== GIVEN RECORDS
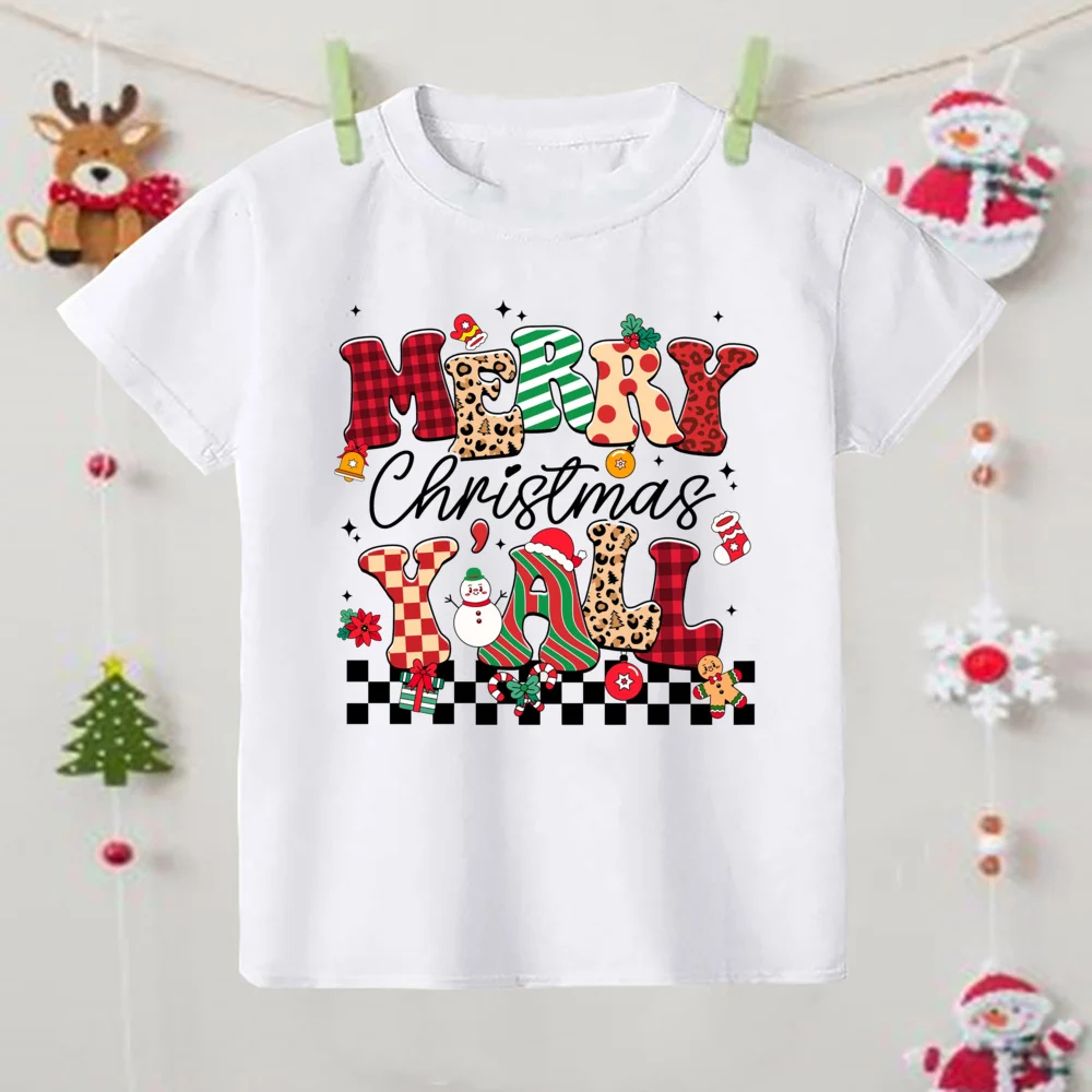 Feliz Navidad Y'all camisa estampada niños niñas traje de Navidad camiseta niños Holidy camiseta Navidad niño camisetas de manga corta ropa
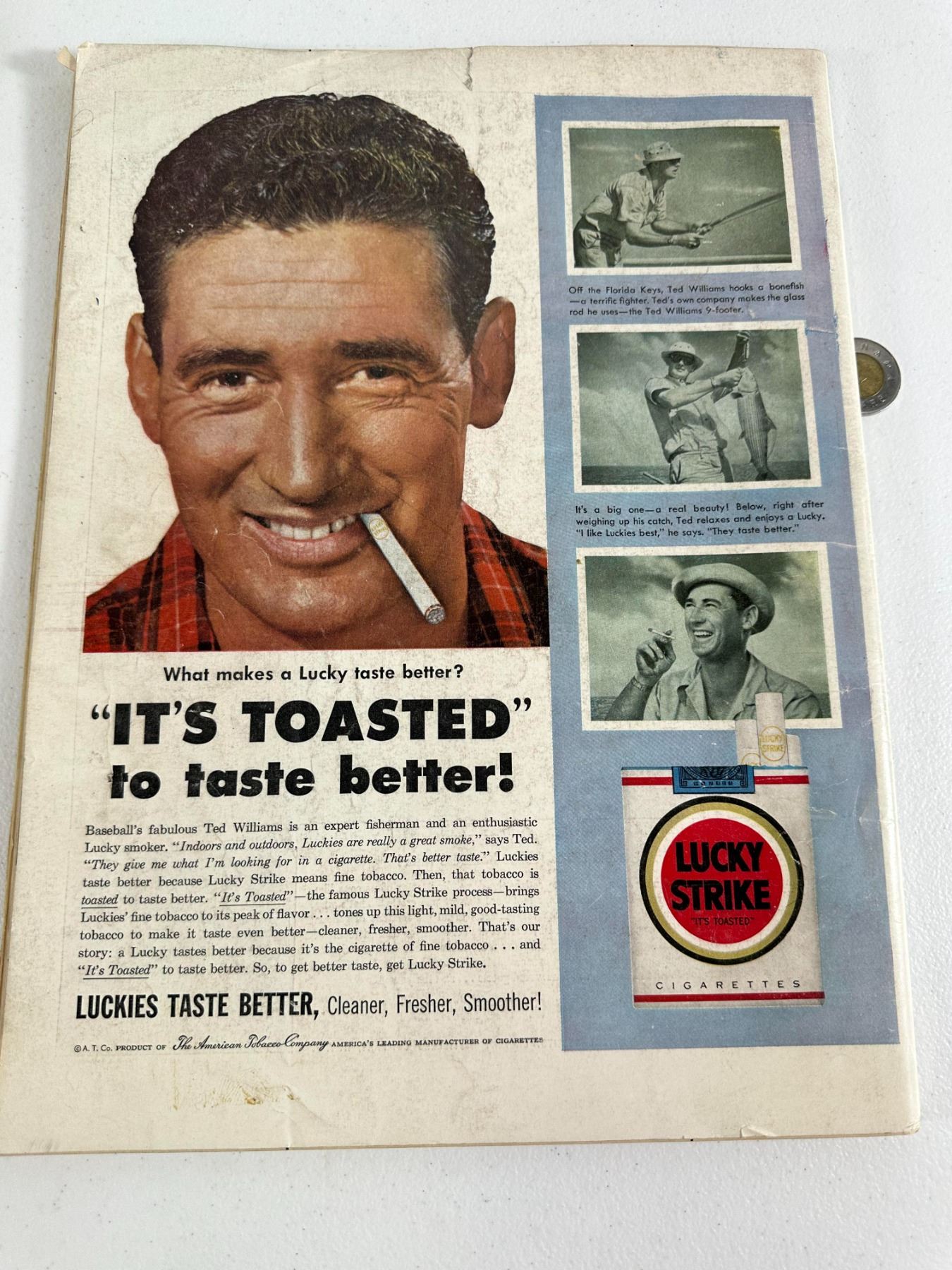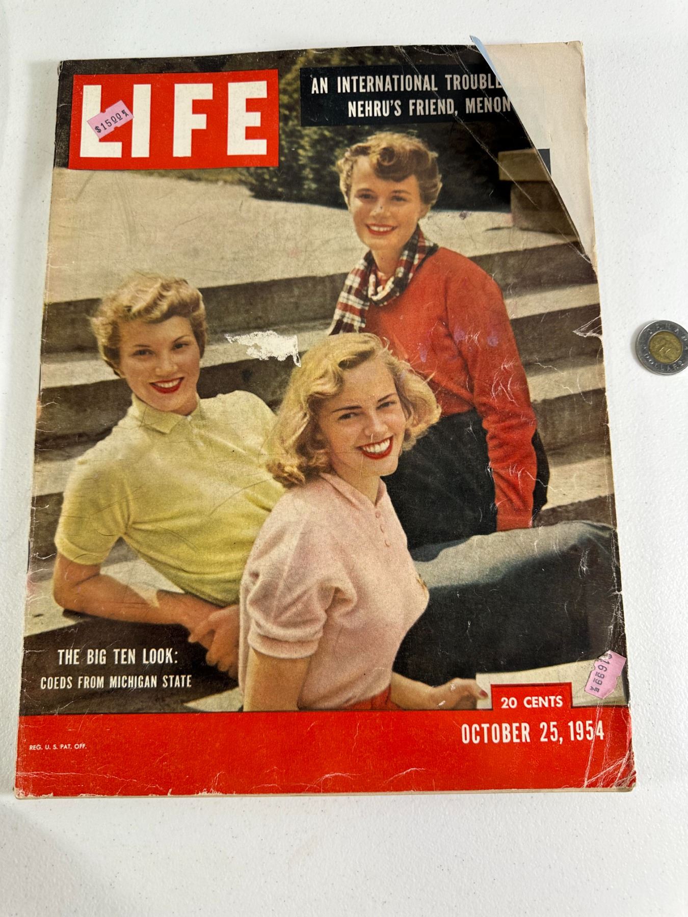 Original 1954 Life Magazine featuring The Big Ten Look: Coeds from Michigan State and a Lucky Strike ad with Ted Williams on the back cover. Condition: Fair to good with edge wear.
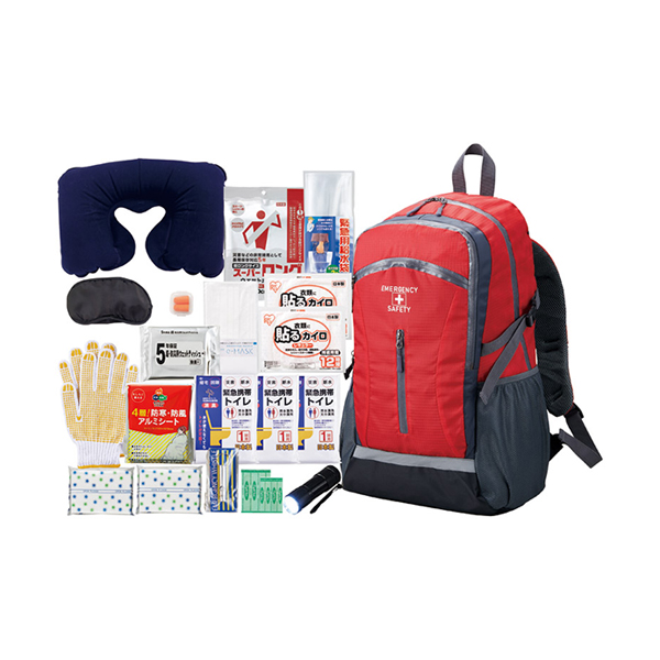 | 内容 | 避難用リュック(約200×300×515mm)×1、9光ライト・ホイッスル・ウェットティッシュ(20枚)・防寒アルミシート・軍手・エイトバン(大小×各2)・首枕・アイマスク・耳栓・マスク・ウェットボディタオル・給水袋(3l)×各1、ポケットティッシュ・使い捨てカイロ×各2、携帯トイレ(大小兼用)(1P)×3 |
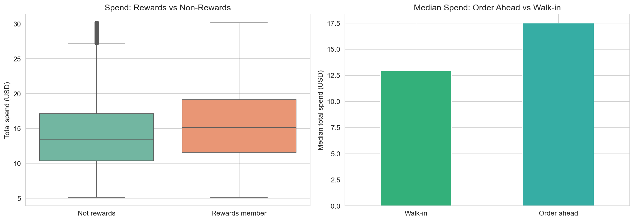 - Rewards members and order-ahead users show higher median spend; loyalty and app adoption align with revenue.
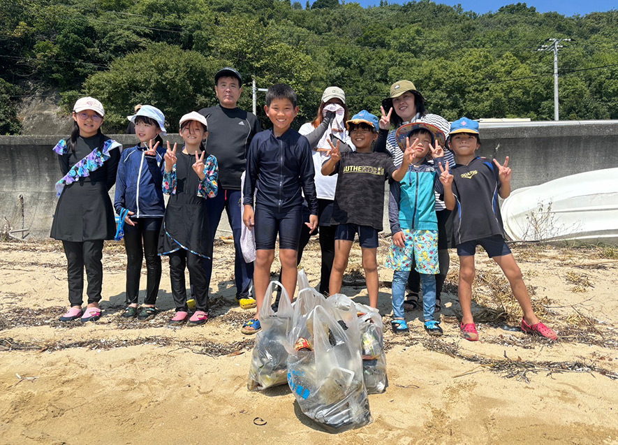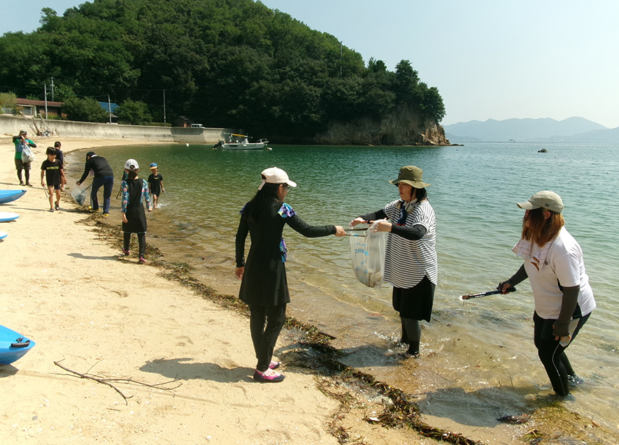 海洋センターに到着して、着替えを済ませると、海岸のごみ拾いからスタート。みんなで協力して色々な種類のごみを回収した。子どもたちは「きれいに見える砂浜も、よく見るとたくさんごみが落ちている」などと話し合いながら、積極的にごみ拾いを行い、環境美化に努めた。
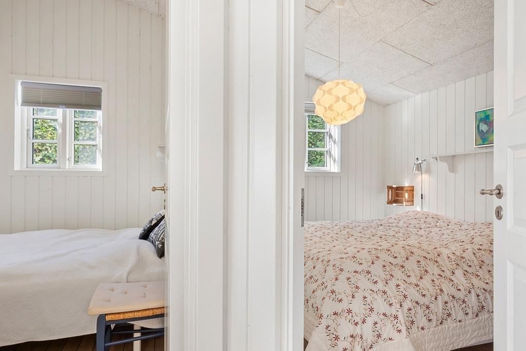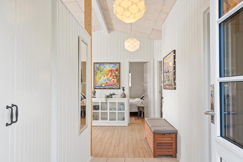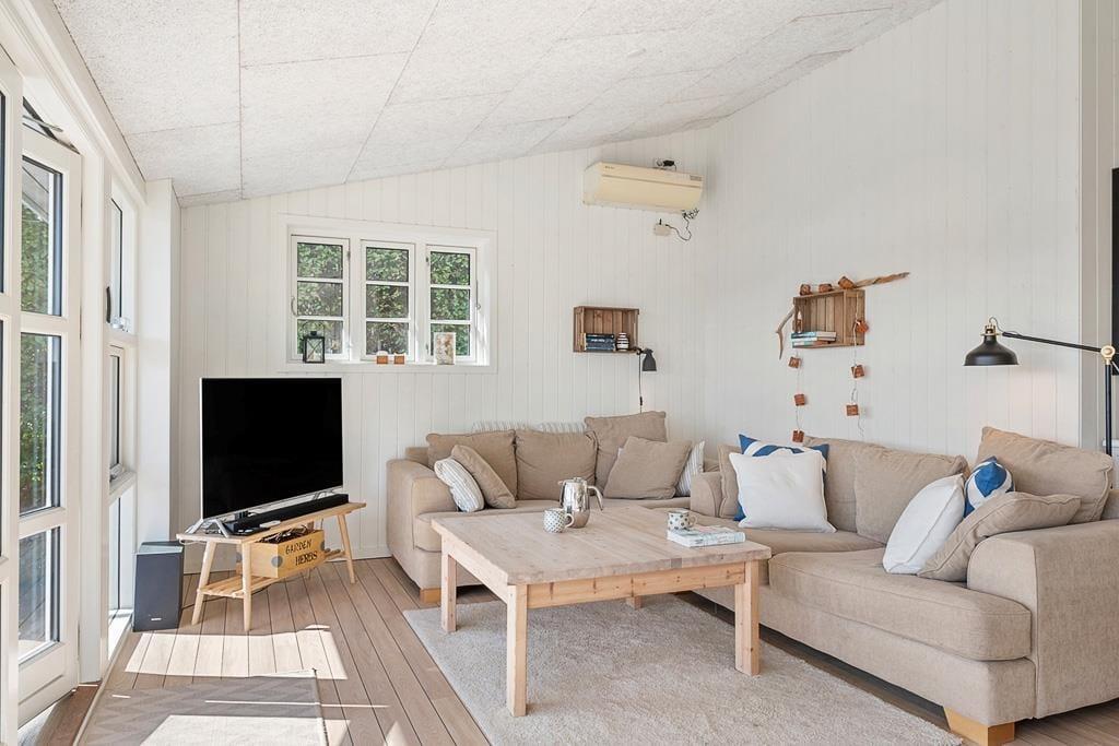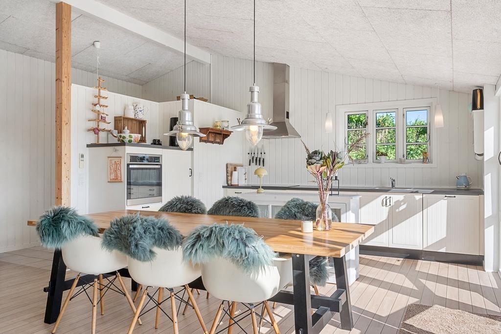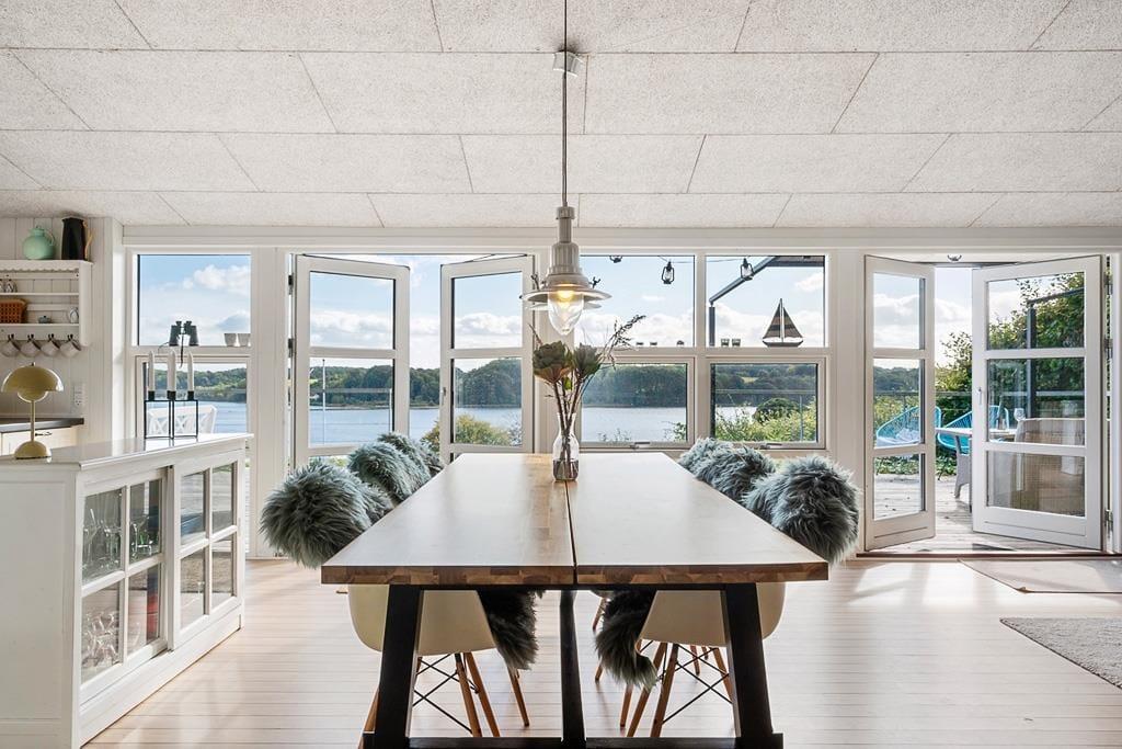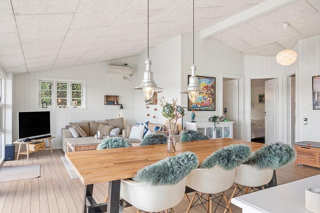 Når du træder ind i sommerhuset på Fjorddalen, mødes du af en lys og venlig atmosfære, hvor indretningen er præget af hygge og funktionalitet. Store vinduespartier trækker fjorden helt ind i stuen og giver en følelse af at være i ét med naturen – selv når du sidder i sofaen med en kop kaffe eller en god bog. Det åbne køkken-alrum skaber en naturlig ramme for hyggelige middage, hvor samtalerne flyder frit, mens du samtidig kan nyde udsigten til vandet. De rolige omgivelser og den gennemtænkte indretning gør det nemt at finde ro og føle sig hjemme fra første øjeblik. Her er plads til både fælles aktiviteter og stille stunder, hvor du kan lade op i dit eget tempo.
====
## WHAT YOU SHOULD DO
Nothing but the pictures should be left out when the listing above is transcribed.

## SOLVED EXERCISE
 Feliz Navidad Y'all camisa estampada niños niñas traje de Navidad camiseta niños Holidy camiseta Navidad niño camisetas de manga corta ropa
 Original 1954 Life Magazine featuring The Big Ten Look: Coeds from Michigan State and a Lucky Strike ad with Ted Williams on the back cover. Condition: Fair to good with edge wear.
 | 内容 | 避難用リュック(約200×300×515mm)×1、9光ライト・ホイッスル・ウェットティッシュ(20枚)・防寒アルミシート・軍手・エイトバン(大小×各2)・首枕・アイマスク・耳栓・マスク・ウェットボディタオル・給水袋(3l)×各1、ポケットティッシュ・使い捨てカイロ×各2、携帯トイレ(大小兼用)(1P)×3 |
 - Rewards members and order-ahead users show higher median spend; loyalty and app adoption align with revenue.
 海洋センターに到着して、着替えを済ませると、海岸のごみ拾いからスタート。みんなで協力して色々な種類のごみを回収した。子どもたちは「きれいに見える砂浜も、よく見るとたくさんごみが落ちている」などと話し合いながら、積極的にごみ拾いを行い、環境美化に努めた。
 Når du træder ind i sommerhuset på Fjorddalen, mødes du af en lys og venlig atmosfære, hvor indretningen er præget af hygge og funktionalitet. Store vinduespartier trækker fjorden helt ind i stuen og giver en følelse af at være i ét med naturen – selv når du sidder i sofaen med en kop kaffe eller en god bog. Det åbne køkken-alrum skaber en naturlig ramme for hyggelige middage, hvor samtalerne flyder frit, mens du samtidig kan nyde udsigten til vandet. De rolige omgivelser og den gennemtænkte indretning gør det nemt at finde ro og føle sig hjemme fra første øjeblik. Her er plads til både fælles aktiviteter og stille stunder, hvor du kan lade op i dit eget tempo.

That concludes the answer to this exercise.